Task goal:
Please write out the listing exactly, leaving each picture out.

Information supplied:
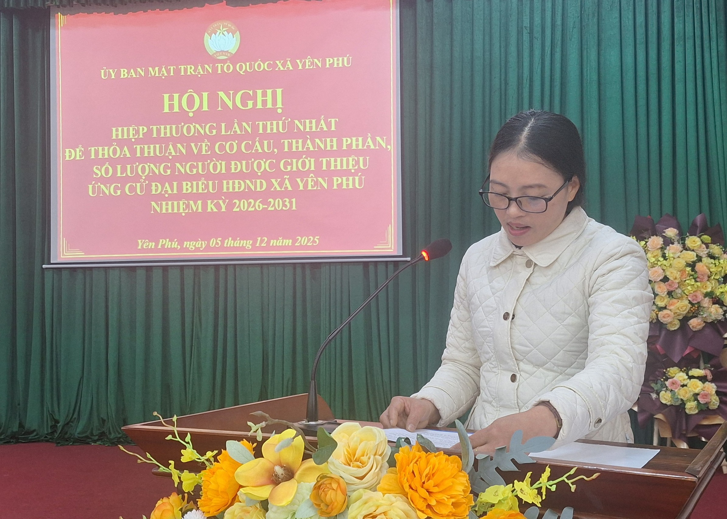 Tại hội nghị, đồng chí Phạm Thị Ngọc Quỳnh, Phó chủ tịch HĐND xã lên báo cáo dự kiến của Thường trực HĐND xã về cơ cấu, thành phần, số lượng đại biểu HĐND xã Yên Phú, nhiệm kỳ 2026 – 2031. Về số lượng
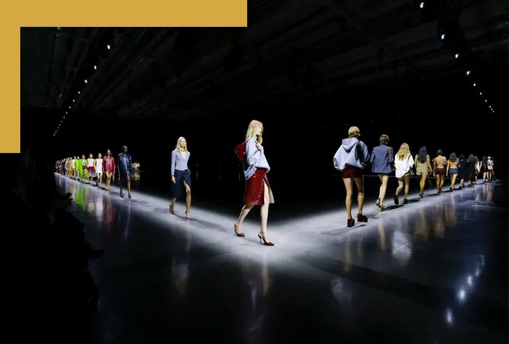 為了適應室內環境,舞臺設計變得簡約,白色光柱在黑暗中勾畫出一條矩形軌跡,將焦點完全聚焦在時裝上。
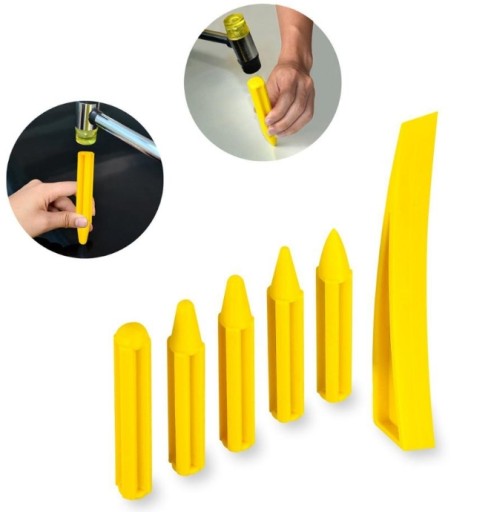 Załączone do zestawu pobijaki pomogą nam w likwidacji wybrzuszeń, górek powstałych w wyniku "przepchnięcia" naprawianych elementów.

Answer to this problem:
 Tại hội nghị, đồng chí Phạm Thị Ngọc Quỳnh, Phó chủ tịch HĐND xã lên báo cáo dự kiến của Thường trực HĐND xã về cơ cấu, thành phần, số lượng đại biểu HĐND xã Yên Phú, nhiệm kỳ 2026 – 2031. Về số lượng
 為了適應室內環境,舞臺設計變得簡約,白色光柱在黑暗中勾畫出一條矩形軌跡,將焦點完全聚焦在時裝上。
 Załączone do zestawu pobijaki pomogą nam w likwidacji wybrzuszeń, górek powstałych w wyniku "przepchnięcia" naprawianych elementów.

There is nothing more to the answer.